What this task involves :: Leave the pictures out and write out exactly the lines from the top of the entries through the line containing "Visuel de référence".

(Records contained in a dataset)
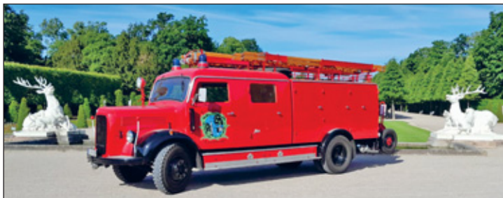
Fotoshooting im Schlossgarten Schwetzingen
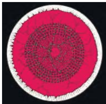
Рис. 2. Схема панретиальной лазерной коагуляции
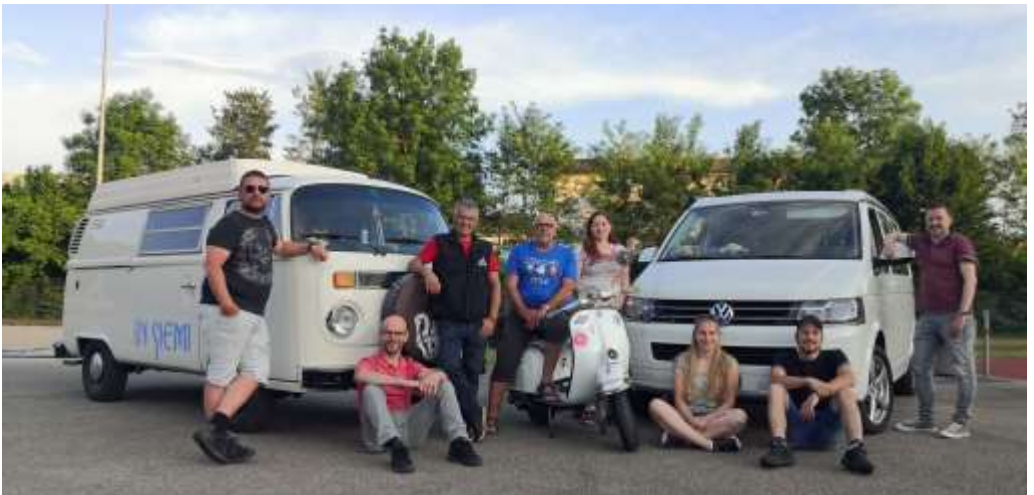
Das OK des 1. VW Bus & Vespatreffen Zell
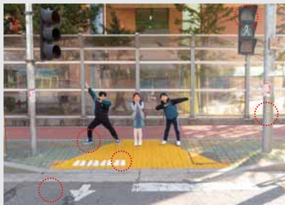
지난 호 퀴즈 정답

3월 31일(화)까지 기프티콘(아메리카노 2잔)을 보내드립니다. 연락처를 꼭 남겨주세요!^^
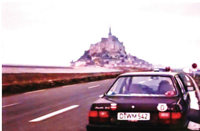
図4. モン・サン・ミッシェル修道院への導入路に一時停車、ここから少し先に駐車スペースがある。

レストランにはいろいろと気軽なランチメニューがある様で、皆それぞれの料理を楽しみながら、坂の途中のレストラン、その窓から見晴らす大西洋、大海原の風情を楽しんでいる様でありました。
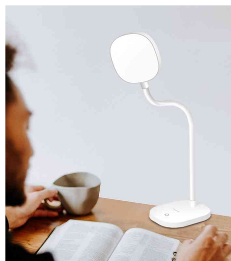
Visuel de référence : montre le produit en utilisation
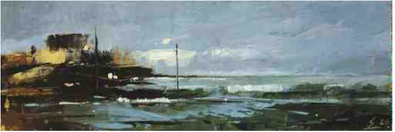
Küste XXIX 2020 | Öl/Kt | 10 x 30 cm
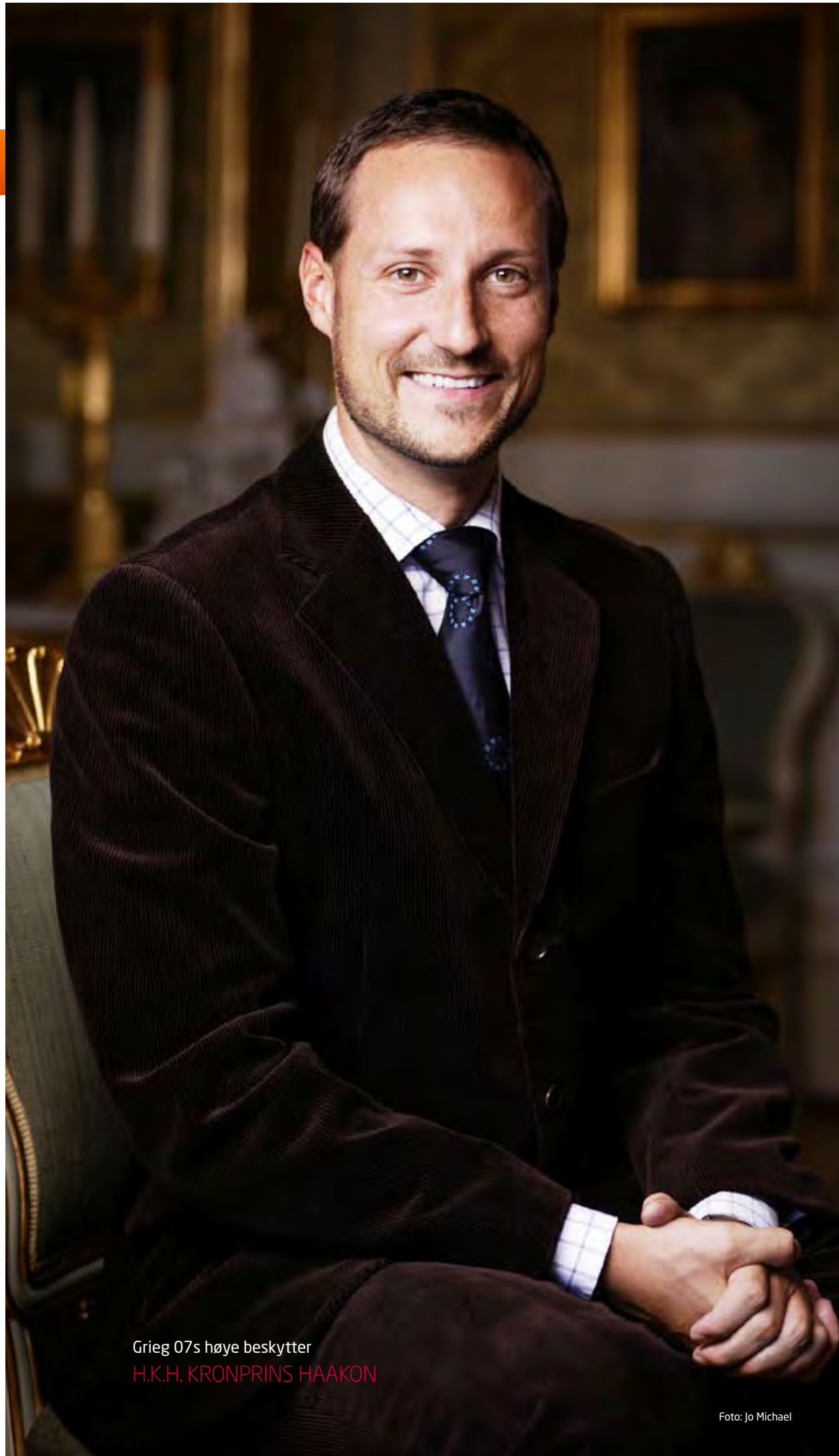
Grieg 07s høye beskytter H.K.H. KRONPRINS HAAKON
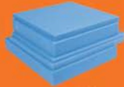
Solid Water He
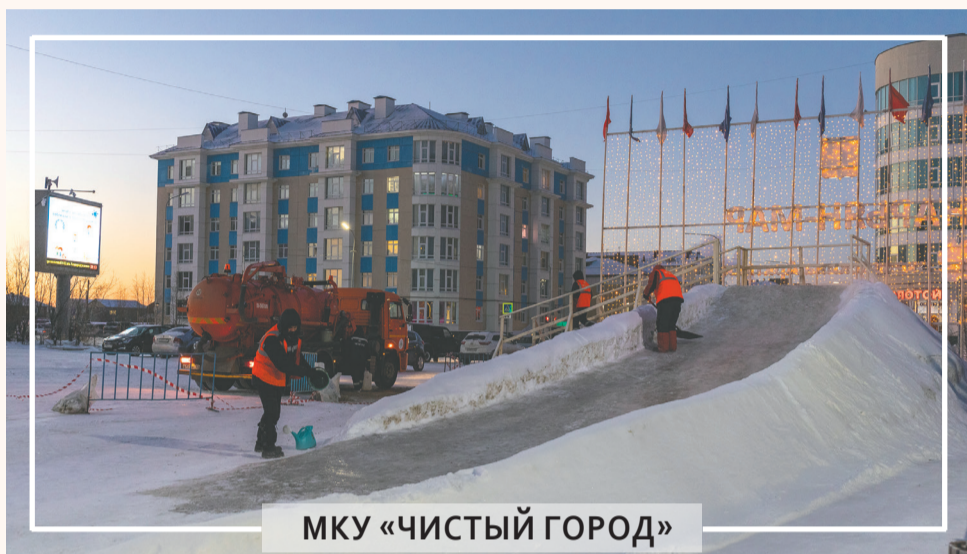
МКУ «ЧИСТЫЙ ГОРОД»
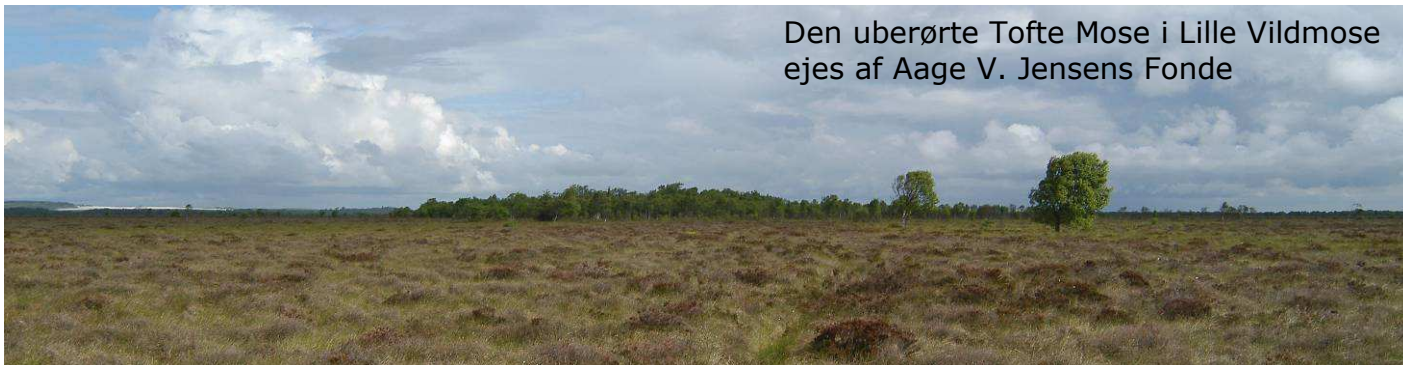
Den uberørte Tofte Mose i Lille Vildmose ejes af Aage V. Jensens Fonde

Når man søger forskellige steder, så er det ikke bare lige at skifte navn og adresse foroven på ansøgningen. De forskellige fonde eller råd har forskellige ansøgningskemaer, som skal udfyldes meget omhyggeligt, og hver fond eller råd lægger vægt på forskellige ting, hvorfor ansøgningen specifikt skal udformes, således at specielt disse ting fremhæves og beskrives. Endvidere har de forskellige fonde og råd meget forskellige ønsker om hvilke dokumenter, der skal medsendes.
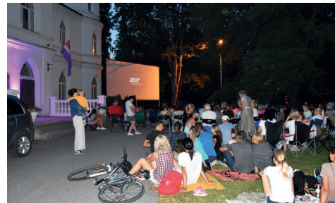
ĀRA KINO BALTĀS PILS PARKĀ.
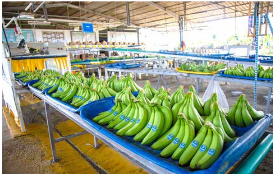
Se inspeccionaron las fincas bananeras 45, 87 y 89 en Changuinola.
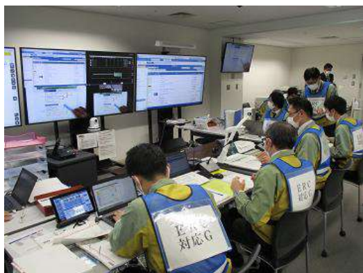
原子力規制庁連携訓練の様子

Answer below ::
Fotoshooting im Schlossgarten Schwetzingen
Рис. 2. Схема панретиальной лазерной коагуляции
Das OK des 1. VW Bus & Vespatreffen Zell
지난 호 퀴즈 정답

3월 31일(화)까지 기프티콘(아메리카노 2잔)을 보내드립니다. 연락처를 꼭 남겨주세요!^^
図4. モン・サン・ミッシェル修道院への導入路に一時停車、ここから少し先に駐車スペースがある。

レストランにはいろいろと気軽なランチメニューがある様で、皆それぞれの料理を楽しみながら、坂の途中のレストラン、その窓から見晴らす大西洋、大海原の風情を楽しんでいる様でありました。
Visuel de référence : montre le produit en utilisation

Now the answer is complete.